А старый «шайтан» еле вырвался из его могучих объятий и свалился на стул.

— Зачем теперь ружье продавать? — не унимался Иттолмаз.

— Да и я так думаю. Продать ружье — штука не хитрая. Ты лучше гостей к себе жди...

Спустя неделю, мы сидели у костра: Трофим Савельевич, я и старый чабан Реджеб.

Над костром шумел большой чугунный чайник. С гор тянуло свежим ветром, и худенький Реджеб, зябко кутаясь в ватный халат, все чаще и чаще подбрасывал дрожащими руками ветки в костер. Искры с треском взлетали вверх, золотые языки пламени начинали плясать на ближайшей скале, и тогда таяли и вовсе пропадали звезды, щедрой рукой рассыпанные по небосклону.

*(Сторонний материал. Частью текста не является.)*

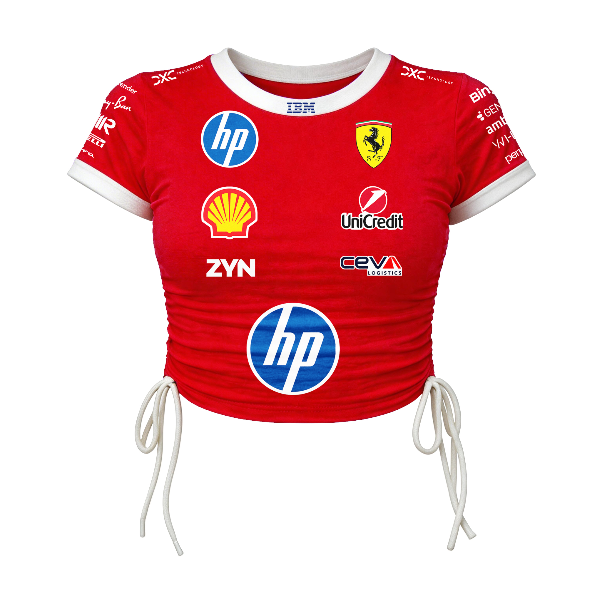 Women's Cropped T-Shirt — Slimming, Waist-Cinching, Short-Sleeve Top With Side Drawstrings And Racing Graphic Print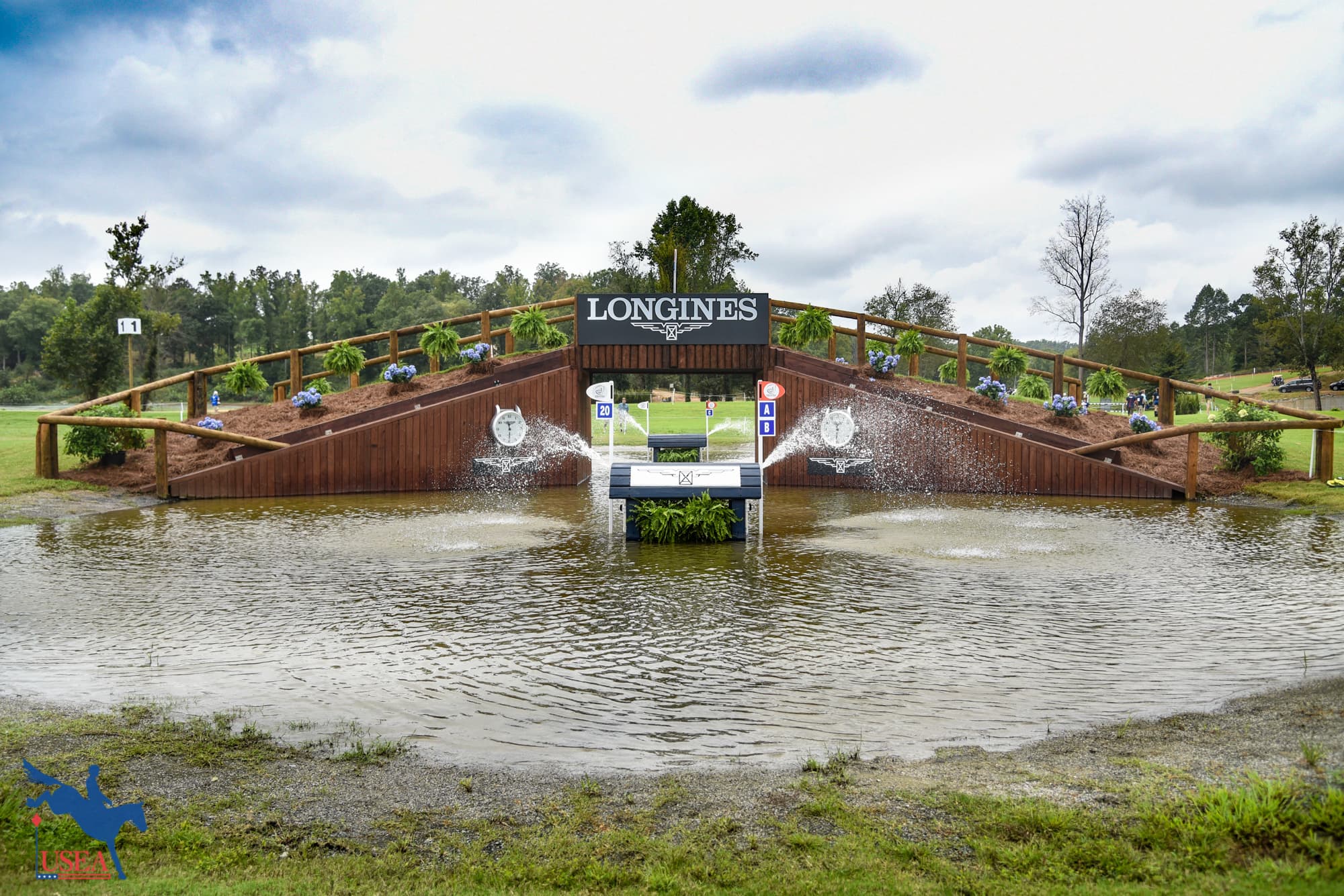 Fences 19 and 20ABC at The Longines Water are the final fences riders will tackle on the golf course before beginning the long pull up the hill heading for home. Riders have their choice of open oxers at fence 19 which will then set them up for the direct route at 20ABC, two round top fountains in the water, or the option route that includes another open oxer at 20A, a brush on the top of the bridge at fence 20B, and another brush down the bridge and to the left at fence 20C.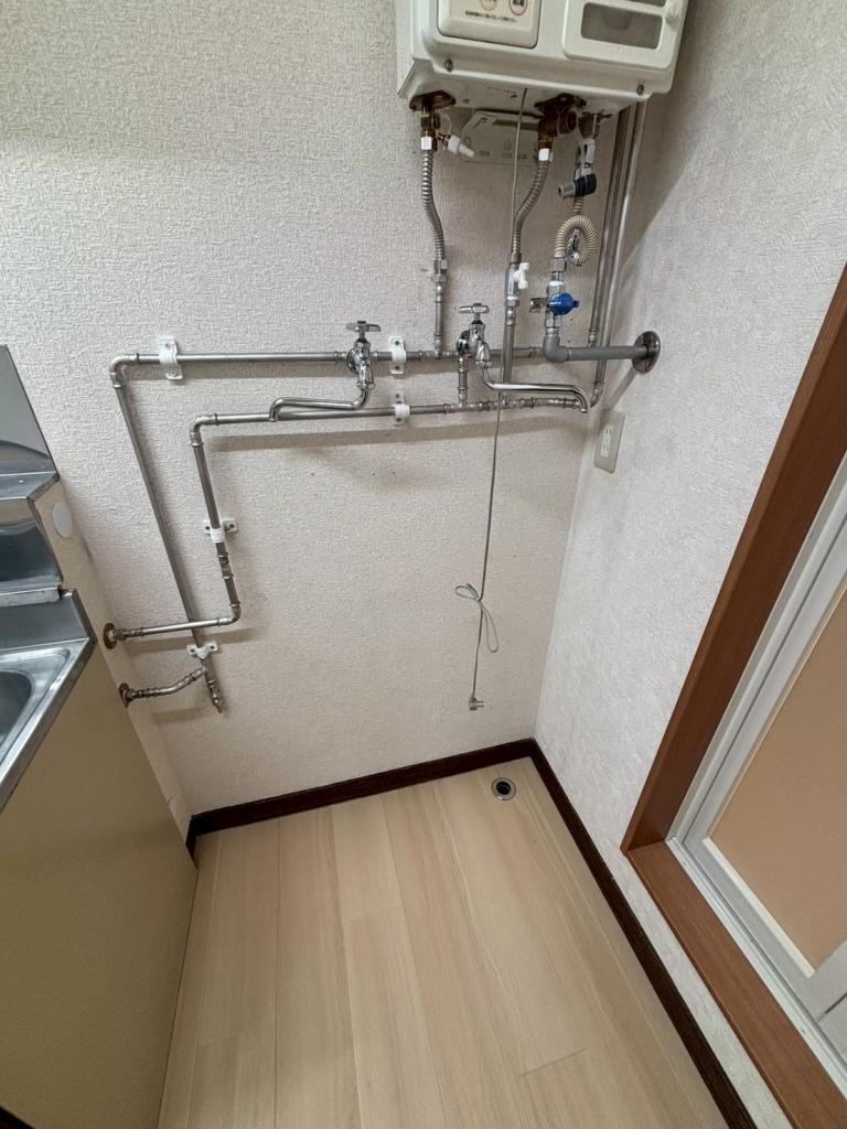 バス・トイレ別、室内洗濯機置き場、モニタ付インターホン、フローリング、給湯(ガス)、ガスコンロ設置可、押入、冷房、灯油ファンヒーター、シャワー、温水洗浄暖房便座、郵便受け、照明器具、LPG、シューズボックス、物置

Трофим Савельевич курил по обыкновению большую цигарку и сортировал патроны. Привычным жестом мастерового он то опускал очки на переносицу, то поднимал их к козырьку ветхой, потрепанной кепки:

— Старость не радость, и с очками плохо, и без очков никуда, — бурчал он про себя. — И куда же это Иттолмаз запропал?

— Утром вернется. Он и сегодня ходил до самого вечера, неудача у него вышла, — сказал Реджеб.

— Прозевал или промахнулся? — позевывая спросил Трофим Савельевич.

— Волновался он с утра. Да и как быть спокойным? Первый раз вышел в горы с ружьем, а может, не хотел передо мной осрамиться. Такой уж у него характер.

— Да ты не тяни, что вышло-то? — спросил Трофим Савельевич.

— Вышла, говорю, неудача. Встретил он козла недалеко от стойбища. Выстрелил в него и горько закручинился, потому что козел побежал от него. Загрустил Иттолмаз, но не хотел верить, что промахнулся и с печальной думой пошел по следу. Шел долго, почти из сил выбился, а все-таки настиг козла: был он ранен в пах.

Реджеб подбросил дров в костер и прислушался к ночным шорохам в горах.

— Да, слышу после обеда второй выстрел. Сам знаешь, время для охоты неурочное. Это Иттолмаз пристрелил козла. А как взял козла на руки, до того обрадовался, что чуть не обнял его. Вот как бывает...

Утром мы проснулись от громкого эха в горах.

— Это верный выстрел, — сказал Реджеб, вглядываясь в освещенные солнцем вершины гор. — Вот сейчас Иттолмаз берет зверя и скоро придет к нам.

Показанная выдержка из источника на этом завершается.